*** DATA PROVIDED ***
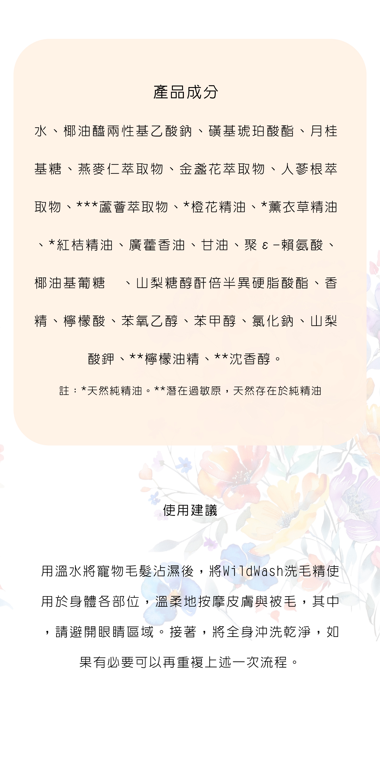 用溫水將寵物毛髮沾濕後,將WildWash洗毛精使用於身體各部位,溫柔地按摩皮膚與被毛,其中,請避開眼睛區域。接著,將全身沖洗乾淨,如果有必要可以再重複上述一次流程。
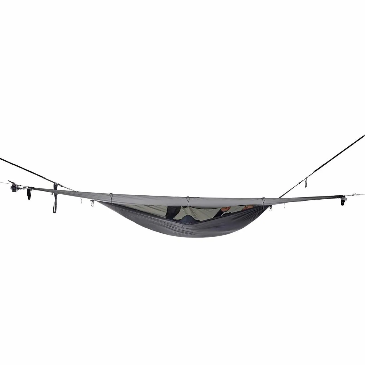 The two enclosed hammock slings make setup quick and easy and with the included carabiners you have everything you need for a myriad of different setups. Apart from the newly added accessories, major updates to the Voss Tech include an integrated poncho hood, that doubles as a hammock sidepocket when stoved away and an ingenious hammock conversion system, where you simply pull the corner webbings to form a perfectly balanced hammock. And then you simply fold over the other part of the tarp to create a roof, large enough to cover and protect you from the elements while you rest. Extra pull slings for a great double layer hammock are also included.
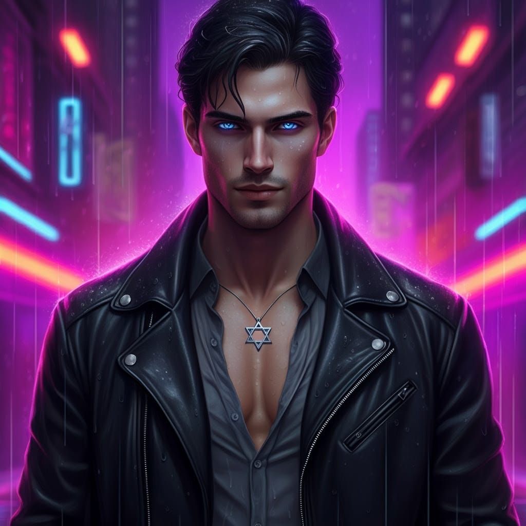 This image shows a man with dark hair and steel-blue eyes standing on a wet city street. The scene is illuminated with neon lights and rendered in a futuristic neon noir style.
***
• [PROBLEM DESCRIPTION]: Give back the full listing exactly, with pictures dropped.

• [YOUR SOLUTION]:
 用溫水將寵物毛髮沾濕後,將WildWash洗毛精使用於身體各部位,溫柔地按摩皮膚與被毛,其中,請避開眼睛區域。接著,將全身沖洗乾淨,如果有必要可以再重複上述一次流程。
 The two enclosed hammock slings make setup quick and easy and with the included carabiners you have everything you need for a myriad of different setups. Apart from the newly added accessories, major updates to the Voss Tech include an integrated poncho hood, that doubles as a hammock sidepocket when stoved away and an ingenious hammock conversion system, where you simply pull the corner webbings to form a perfectly balanced hammock. And then you simply fold over the other part of the tarp to create a roof, large enough to cover and protect you from the elements while you rest. Extra pull slings for a great double layer hammock are also included.
 This image shows a man with dark hair and steel-blue eyes standing on a wet city street. The scene is illuminated with neon lights and rendered in a futuristic neon noir style.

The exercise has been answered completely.